Regions with significant populations
- Russia: 16,758 (2021 census)

Languages
- Andi language

Religion
- Islam

Related ethnic groups
- Northeast Caucasian peoples

= Andi people =

Indigenous Dagestanian peoples of Russia

The Andis (къӀваннал in Andi, ГӀандал in Avar) are one of the indigenous Dagestan peoples of North Caucasia. Their territory is included in the Botlikhsky District (raion) of Dagestan. The Andis are Sunni Muslims.
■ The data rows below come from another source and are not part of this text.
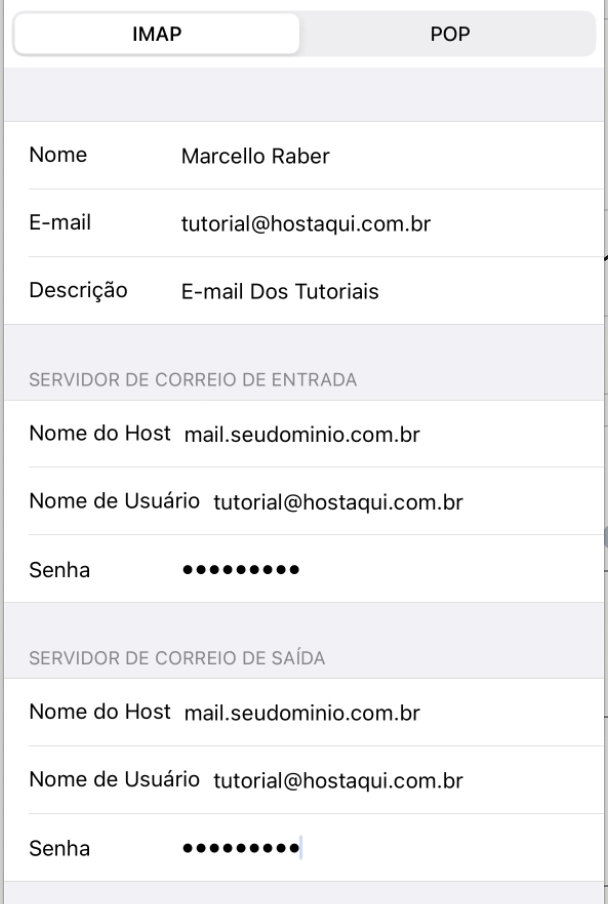 Não esqueça de conferir se está marcado como IMAP na parte superior e preencha nos campos Servidor de Entrada e Servidor de Saida suas informações de login do WebMail.
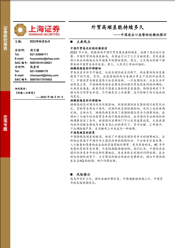 【上海证券】【20230526】中国进出口态势的延续性探讨:外贸高顺差能持续多久-15页
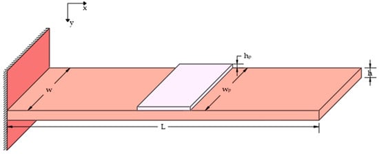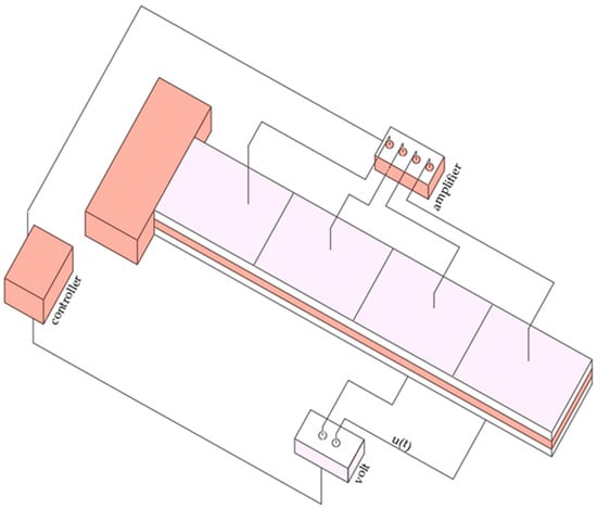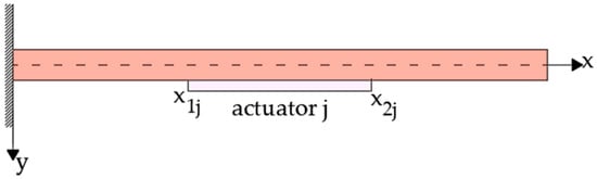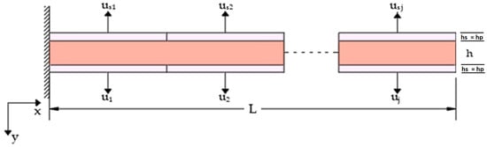 Figure 2 shows the actuator integrated into the beam. This figure shows the ends of the actuator used in further equations, which are very important for the electrical matrices of our system. All modeling is based on Equation (1) [33]; from the solution of this equation, the results are given in the time domain. The results without control are given by applying the differential, whereas the results with control are given after the application of the infinity control.
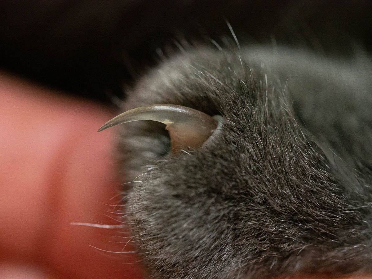Cat claws are fascinating. I knew they were retractable, but before close contact with Nysse, I didn’t know that I could make them appear – I thought that was fully under the cat’s control. But you can just squeeze slightly in the right spot and out pops a claw. Sometimes when Nysse is near me and all relaxed, I poke his claws in and out just for fun.
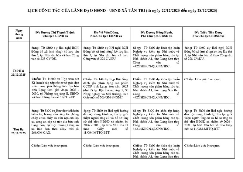 | Tiêu đề văn bản | LỊCH CÔNG TÁC CỦA LÃNH ĐẠO HĐND - UBND XÃ TÂN TRI (từ ngày 22/12/2025 đến ngày 28/12/2025) | ||

The Andis live in western Dagestan. Their neighbors to the northwest are the Chechens; to the southeast, the small ethnic groups speaking other Andian languages and the Avars. The principal area of settlement, Andia, is a vast valley bordered by the Andi ridge and its spurs. The snow-covered steep ridge forms the entire northern boundary and exercises a moderating influence on Andia's climate by sheltering it from cold winds. In the past, access to Andia could be difficult: the roads linking it to the outside world were guarded on the south by the Mynin Tower and on the north by the fortress of Butsurkha. At present, however, all of the Andian villages are linked by automobile routes. The village of Andi was an important location during the campaign of the Battle of Dargo (1845) and at other times during the Murid War.

==Demography==
In 1938 the Andis numbered 9,750. By 1990 the population had grown to 10,600. The density of settlement is 39-40 persons per square kilometer. About half of the Andis have emigrated to the Daghestanian lowlands (Khasavyurt, Babayurt, and Kizilyurt districts). Although they were counted as a separate nationality in the 1926 census, the Andis, along with the seven other small communities speaking languages of the Andian Subgroup (see "Linguistic Affiliation"), have been counted as Avars in more recent Soviet censuses. In 2002 the Andis numbered 21,808.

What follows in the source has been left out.